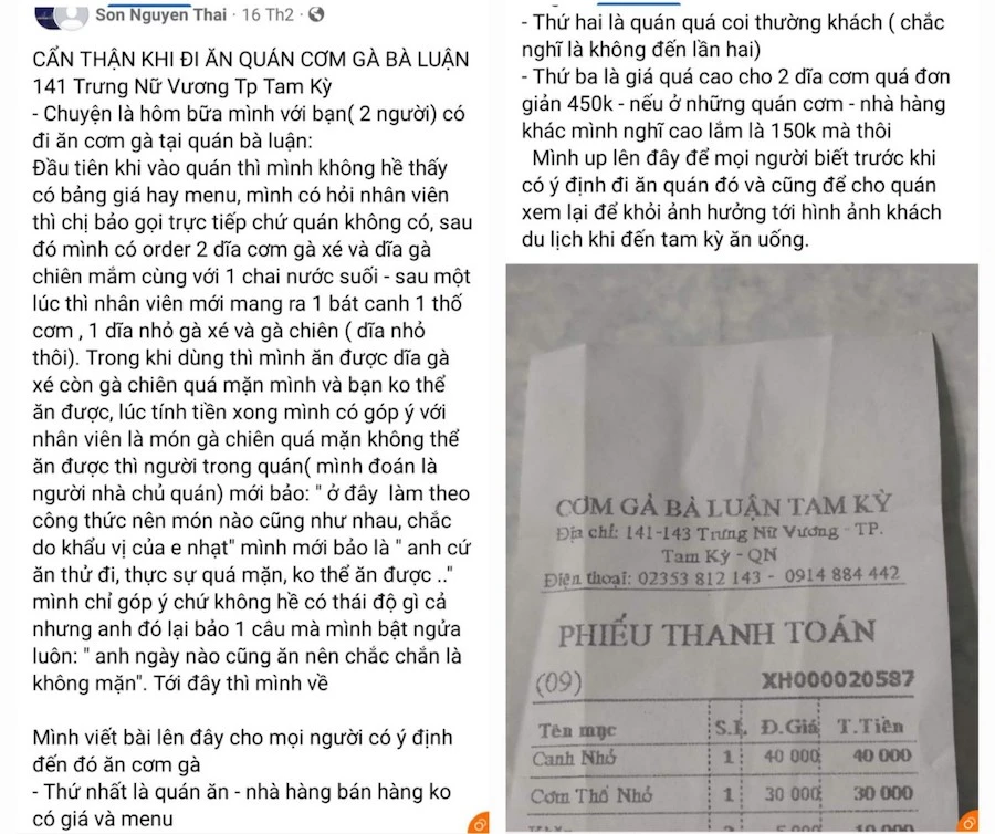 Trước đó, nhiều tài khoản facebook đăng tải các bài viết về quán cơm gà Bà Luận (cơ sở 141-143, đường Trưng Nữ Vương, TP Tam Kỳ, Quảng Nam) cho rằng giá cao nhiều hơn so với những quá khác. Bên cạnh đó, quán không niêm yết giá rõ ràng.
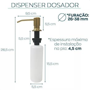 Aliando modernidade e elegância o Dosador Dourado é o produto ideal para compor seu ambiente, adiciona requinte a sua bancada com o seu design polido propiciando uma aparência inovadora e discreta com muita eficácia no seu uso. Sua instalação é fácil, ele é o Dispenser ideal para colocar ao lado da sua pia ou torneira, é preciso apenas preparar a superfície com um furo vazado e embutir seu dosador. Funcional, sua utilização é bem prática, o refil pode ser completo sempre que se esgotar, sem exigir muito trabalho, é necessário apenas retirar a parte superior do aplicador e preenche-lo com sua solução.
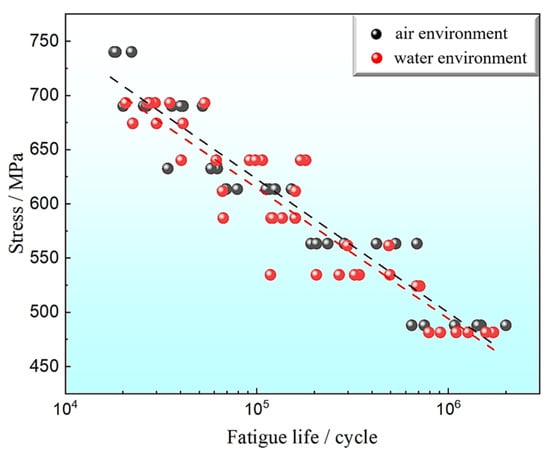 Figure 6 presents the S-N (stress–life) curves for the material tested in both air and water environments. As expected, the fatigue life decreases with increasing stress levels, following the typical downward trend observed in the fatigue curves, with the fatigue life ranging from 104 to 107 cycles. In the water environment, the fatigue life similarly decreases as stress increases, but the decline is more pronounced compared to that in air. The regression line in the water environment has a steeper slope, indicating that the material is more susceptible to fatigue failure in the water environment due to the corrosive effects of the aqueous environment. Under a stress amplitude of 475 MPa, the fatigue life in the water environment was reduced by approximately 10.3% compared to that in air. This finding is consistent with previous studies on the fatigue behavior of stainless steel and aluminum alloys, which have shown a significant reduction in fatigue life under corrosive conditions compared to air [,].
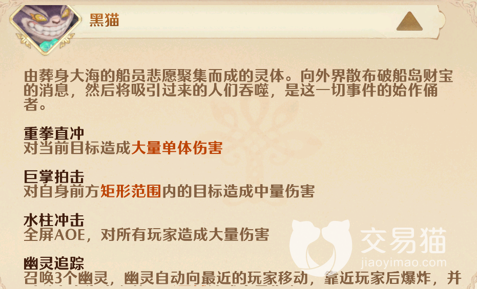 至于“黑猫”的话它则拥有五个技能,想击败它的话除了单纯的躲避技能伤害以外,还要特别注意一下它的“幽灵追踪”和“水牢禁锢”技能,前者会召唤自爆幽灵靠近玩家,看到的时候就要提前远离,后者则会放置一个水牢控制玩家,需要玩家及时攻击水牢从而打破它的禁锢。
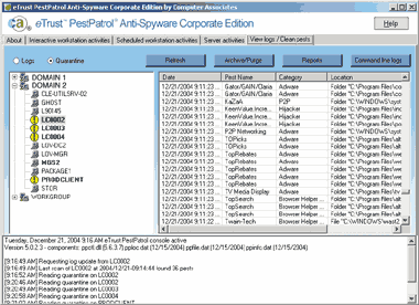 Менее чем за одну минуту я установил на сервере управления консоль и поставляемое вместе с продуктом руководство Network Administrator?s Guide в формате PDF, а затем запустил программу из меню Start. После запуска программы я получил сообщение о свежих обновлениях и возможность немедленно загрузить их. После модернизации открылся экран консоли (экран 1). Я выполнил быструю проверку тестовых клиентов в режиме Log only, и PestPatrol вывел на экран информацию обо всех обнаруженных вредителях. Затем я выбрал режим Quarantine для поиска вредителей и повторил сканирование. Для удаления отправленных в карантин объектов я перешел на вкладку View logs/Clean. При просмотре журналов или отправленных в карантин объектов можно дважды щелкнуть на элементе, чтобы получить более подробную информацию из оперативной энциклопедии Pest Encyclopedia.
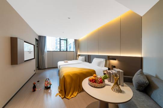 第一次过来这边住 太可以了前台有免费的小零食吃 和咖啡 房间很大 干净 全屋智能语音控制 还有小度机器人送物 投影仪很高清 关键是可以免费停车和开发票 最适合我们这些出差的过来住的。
-- -- --
What is needed is an exact retyping of the lines from the start of the data through the line with "Aliando modernidade e", with both end lines kept and every picture left out.

 Trước đó, nhiều tài khoản facebook đăng tải các bài viết về quán cơm gà Bà Luận (cơ sở 141-143, đường Trưng Nữ Vương, TP Tam Kỳ, Quảng Nam) cho rằng giá cao nhiều hơn so với những quá khác. Bên cạnh đó, quán không niêm yết giá rõ ràng.
 Aliando modernidade e elegância o Dosador Dourado é o produto ideal para compor seu ambiente, adiciona requinte a sua bancada com o seu design polido propiciando uma aparência inovadora e discreta com muita eficácia no seu uso. Sua instalação é fácil, ele é o Dispenser ideal para colocar ao lado da sua pia ou torneira, é preciso apenas preparar a superfície com um furo vazado e embutir seu dosador. Funcional, sua utilização é bem prática, o refil pode ser completo sempre que se esgotar, sem exigir muito trabalho, é necessário apenas retirar a parte superior do aplicador e preenche-lo com sua solução.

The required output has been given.